Compare
FDE vs AI Engineer
AI Engineers deepen models and ML systems. Forward Deployed Engineers deepen the last mile into customer production — often using those models.
Quick contrast
| Dimension | FDE | AI Engineer |
|---|---|---|
| Center of gravity | Customer systems & workflows | Models, training, ML platform |
| Typical artifacts | Integrations, agents in prod, runbooks | Training pipelines, evals, model services |
| Constraints | SSO, data residency, change mgmt | Data/compute, research→prod quality |
| Customer time | High | Variable; often lower |
| Interview flavor | Case + enterprise design + coding | ML system design + coding + research depth |
The overlap (where people get confused)
Both roles may build RAG systems, write Python, and care about evals.
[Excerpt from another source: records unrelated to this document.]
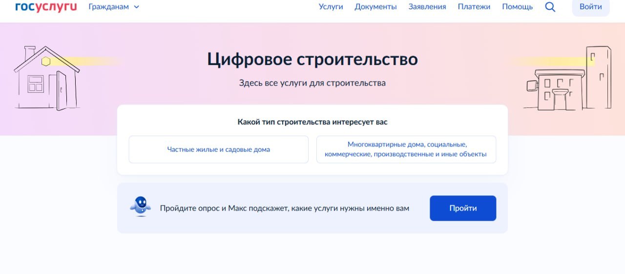 Способ 2. Через Робота Макса: просто напишите в поиске на Госуслугах «Цифровое строительство» — и робот направит вас в нужный раздел.
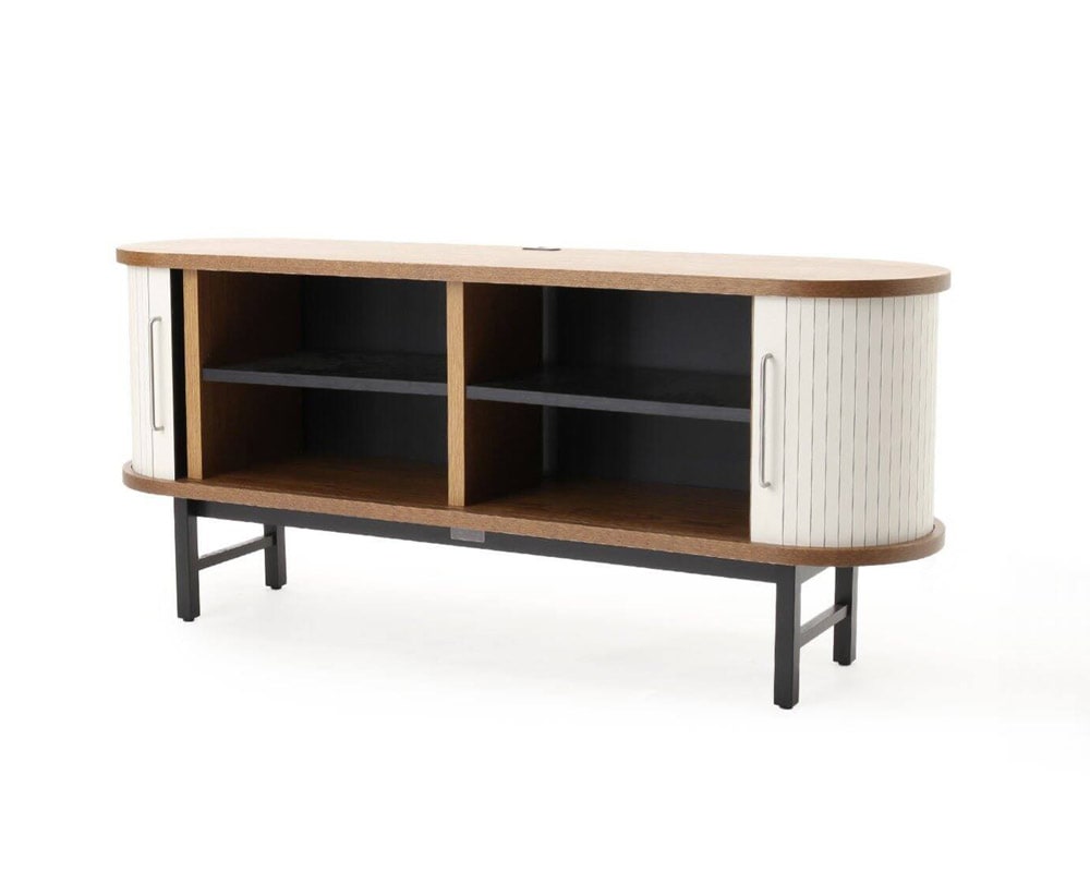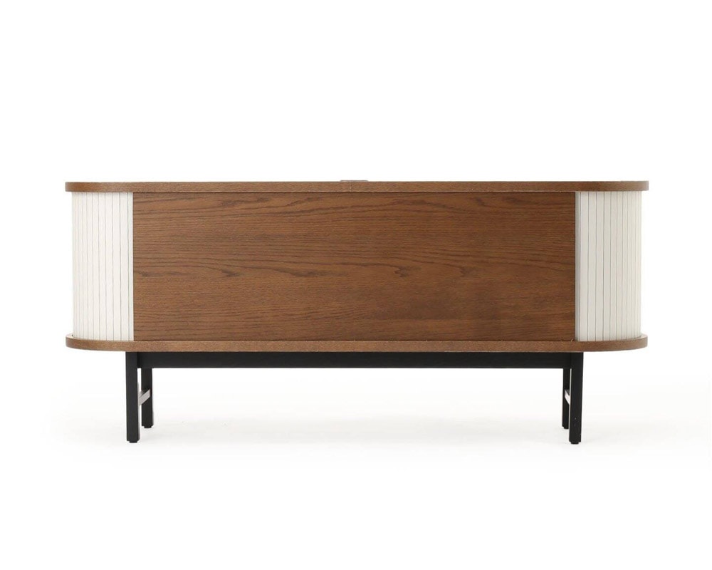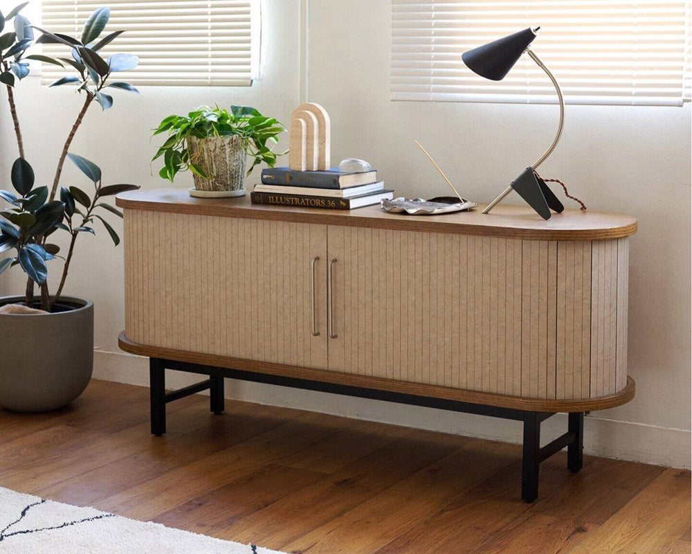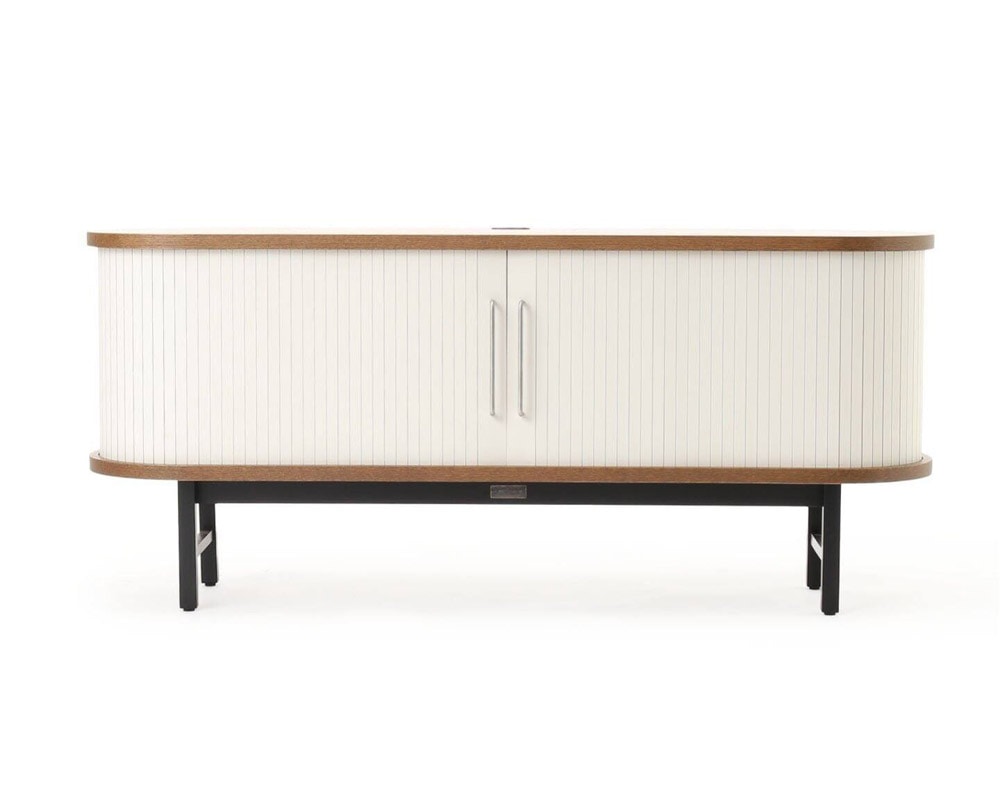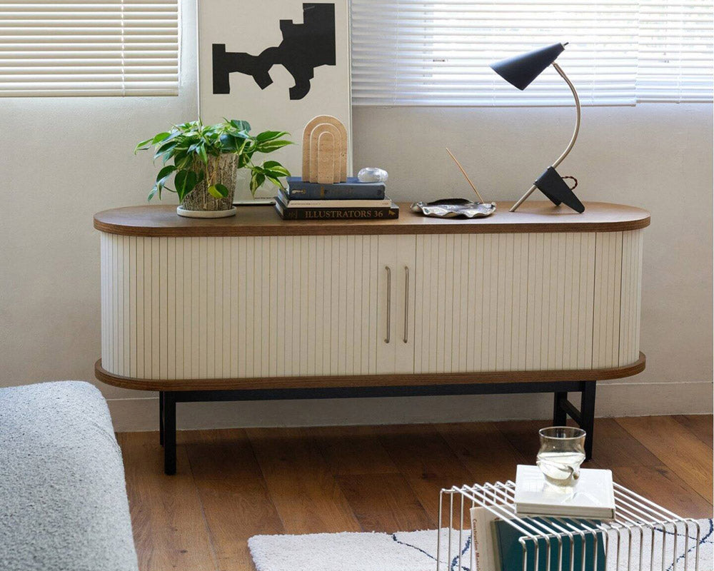 フレンチヴィンテージをイメージした、journal standard Furniture/ジャーナルスタンダードファニチャーのANOR SIDE BOARD /アノール サイドボードです。フレンチヴィンテージのサイドボードをイメージソースに、日本の住空間に合わせやすいようにデザインされた蛇腹式のサイドボードです。蛇腹扉の特性を生かした丸みを帯びたデザインが、空間を柔らかく演出し、部屋に置いた際の圧迫感を軽減してくれます。ステンレス素材のハンドルがデザインを引き締め、良いアクセントになっています。底板に配線用の穴が開いていますのでTVボードとしてもお使いいただけます。
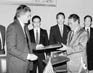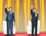 图为朝鲜副外长姜锡柱(右)与美国首席谈判代表加卢奇交换协议文本。

The difference is whose production environment you optimize for and how much of your week is customer discovery versus model / platform iteration.
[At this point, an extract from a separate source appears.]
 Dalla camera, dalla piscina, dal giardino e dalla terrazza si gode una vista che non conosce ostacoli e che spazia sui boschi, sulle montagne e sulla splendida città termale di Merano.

Titles like AI Deployment Engineer sit near FDE. “Applied AI Engineer” at labs sometimes mixes both — always read travel %, coding bar, and whether you own a named customer.
Which should you pursue?
- Prefer FDE if you like stakeholder complexity, integration puzzles, and visible business outcomes
- Prefer AI Engineer if you want deeper ML systems work and less account-embedded travel
Prep differences
FDE candidates should prioritize FDE interview questions, especially case/decomp and enterprise design. AI Engineer candidates still benefit from production RAG/agent literacy — the same projects can support either narrative if you frame ownership correctly.